Preliminary data suggests that the size asymmetry seen in angiogenic endothelial cells is (at least in part) generated by the positioning of the mitotic spindle towards the proximal pole of the cell (Costa et al. 2016). Thereby shifting the division plane away from the volumetric centre of the cell. Other classical asymmetric cell divisions also result in cells of different sizes, for example Drosophila neuroblasts and one-cell C. elegans embryos, though the role of this asymmetry has not been extensively explored (Cabernard et al. 2010; McNally 2013). However some clues may be gleaned as to how angiogenic endothelial cells manage to position their mitotic spindles such that two differently sized daughters are produced. A canonical set of proteins is known to generate the membrane associated pulling force that acts upon mitotic spindles. Partner of Inscuteable (Pins) (LGN in Drosophila and GPR1/2 in C.elegans), anchored at the membrane by Gαi (GOA-1 and GPA-16 in C.elegans), binds to Nuclear mitotic apparatus (NuMA) (Mud in Drosophila and LIN-5 in C.elegans), which in turn binds to the dynein/dynactin complex, this then pulls on the plus ends of astral microtubules (Bergstralh et al. 2013). Asymmetric enrichment of this complex can cause the spindle to be pulled towards one side of the cell, such as in the one-cell C.elegans embryo (Kiyomitsu, 2015). However, it remains to be seen whether the spindle orienting machinery is involved in positioning the mitotic spindle of angiogenic endothelial cells.

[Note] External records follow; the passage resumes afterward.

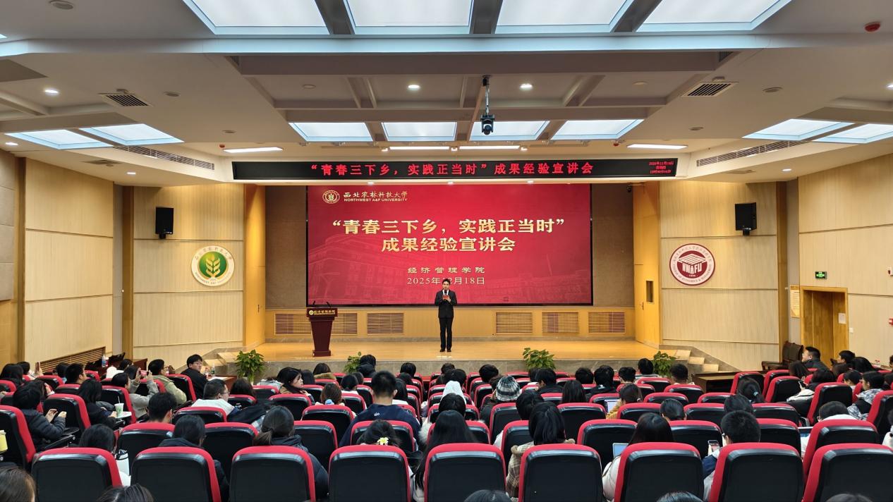 为深入总结暑期三下乡社会实践成果,强化实践育人实效,激发广大学生投身社会实践与劳动锻炼的热情,12月18日晚,经管学院在南校C101报告厅隆重举办了2025年“青春三下乡,实践正当时”成果经验宣讲会。本次分享会特邀学院四支优秀实践队伍的代表登台宣讲,聚焦非遗传承、生态治理、文化振兴与红色教育等主题,分享他们在实践中的所见所闻、所思所悟。各年级学生百余人参加了此次活动,现场学习、交流气氛热烈。
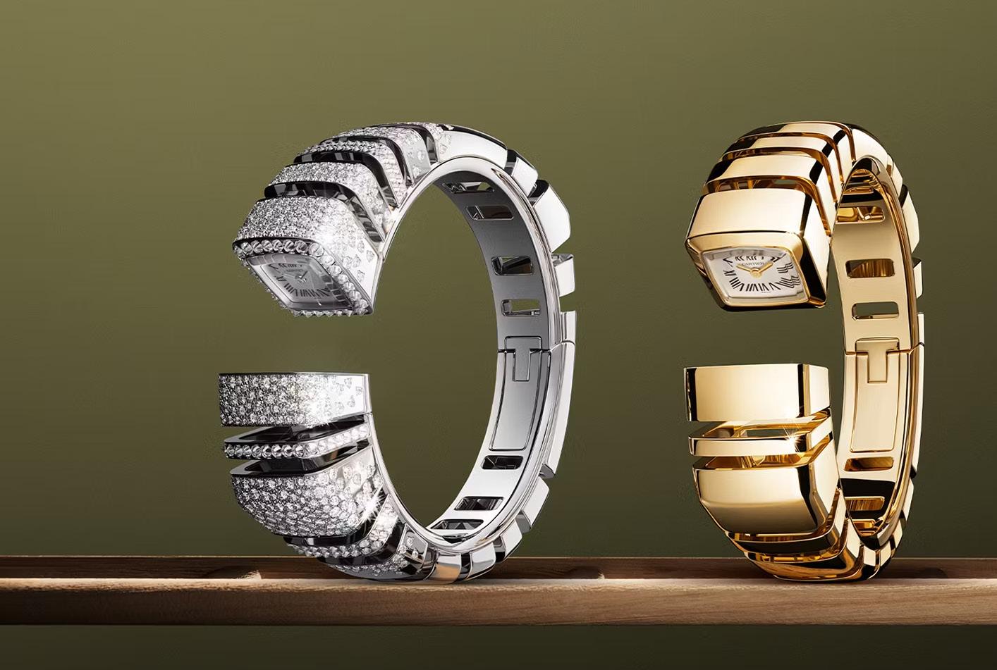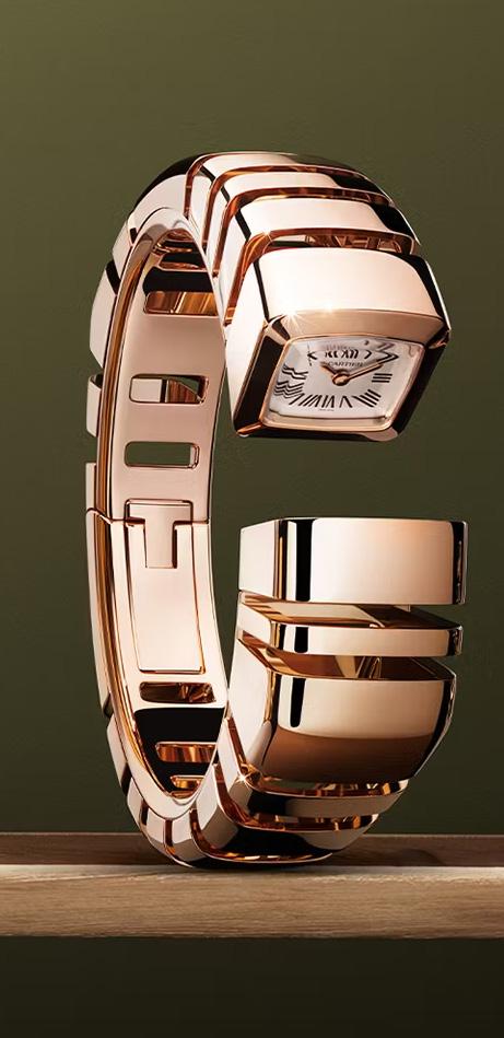It all starts with the open bracelet’s unprecedented generous architecture, which blends openwork and polished reflective gold with elongated lines and defined edges. Tension culminates as a delicate dial meets its reflection, where time appears to move backwards.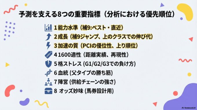 まず、どんな指標で馬を見るかを整理しておきます。若駒の未来の可能性を測るための物差しです。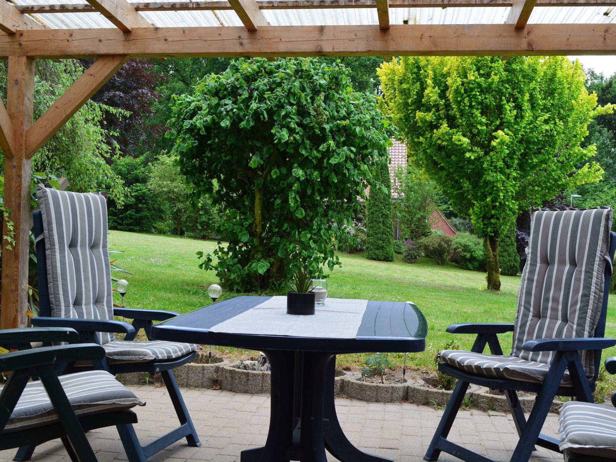 Auf der überdachten, möbelierten Terrasse können sie gemütlich sitzen und auch grillen. Ihr Fahrrad können Sie hier ebenfalls geschützt abstellen. Im Badezimmer mit WC gibt es eine Badewanne sowie eine Dusche, ein Föhn ist auch vorhanden. Die Küche ist für 6 Personen ausgestattet. Wasserkocher ,Toaster, Filter-Kaffeemaschine Microwelle sowie einen Airfryser finden sie hier. Auf dem nahegelegenen Spielplatz können sich die Kleinen austoben. Für den kleinen und großen Hunger findet sich sicher für jeden Geschmack etwas im fußläufig erreichbaren Restaurant beim Golfplatz. Frische Brötchen erhalten sie beim Bäcker im Nachbardorf Moisburg, ca.2 km von der Ferienwohnung entfernt.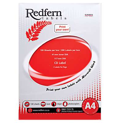 Laser Redfern Labels, 117mm, 41mm Inner, 2 Per Page.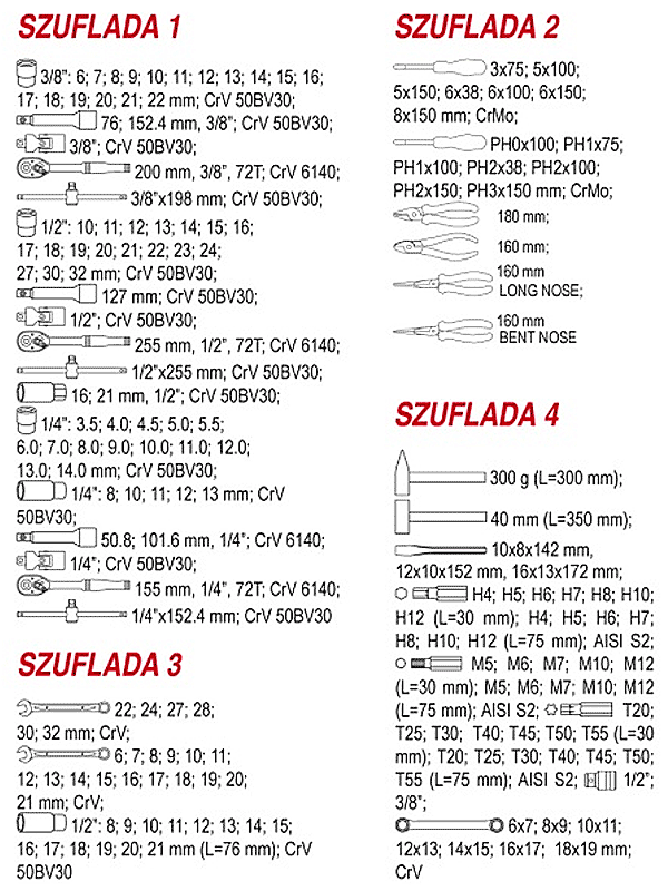 - Pojemność narzędzi: 177 sztuk.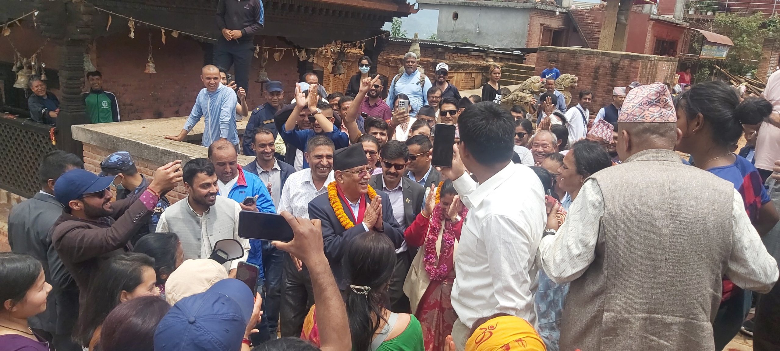 भूकम्पपछिको पुनर्निर्माणमा ढिलाई भइरहेका बेला अध्यक्ष प्रचण्डले आफु प्रधानमन्त्री भएका वेला आफ्नै अग्रसरतामा दरबार पुनर्निर्माणको काम अगाडि बढाइएको दावी गरे । उनले दरवार र सो स्थान आसपासमा रहेका पुरातात्विक वस्तुका सम्वन्धमा स्थानीयवासीसंग अन्र्तक्रियासमेत गरे ।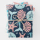 Nautical, beach theme wrapping paper features a pattern of a whale tail, sand dollar, starfish and scallop seashell on navy blue, aqua blue and white backgrounds. Perfect for beach, nautical, coastal and tropical themes. Original artwork KL Stock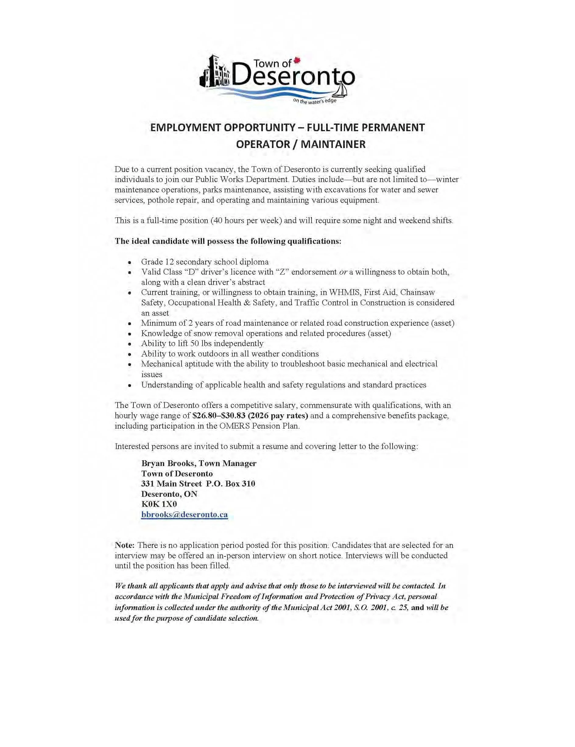 Deseronto Public Works has an immediate opening for a Permanent, Full-Time Operator/Maintainer.

Asymmetric cell division is a well-described phenomenon traditionally thought of as a process employed by cells to enable them to generate cells different from themselves. An asymmetric inheritance of fate determinants or a position dependent asymmetry in external cues normally results in daughter cells becoming two different cells types. Size asymmetry (and a resultant asymmetry in signalling strengths) between daughter cells offers a simple way of introducing subtle heterogeneity into a population of a single cell type. Furthermore, if it is controlled so that the larger and smaller cells are positioned specifically, patterns (such as leading and following cells) can be produced. Further work is needed to elucidate the mechanism behind this new form of asymmetric division and it will be interesting to see whether other collectively migrating systems, or indeed any other cell types, undergo similar divisions.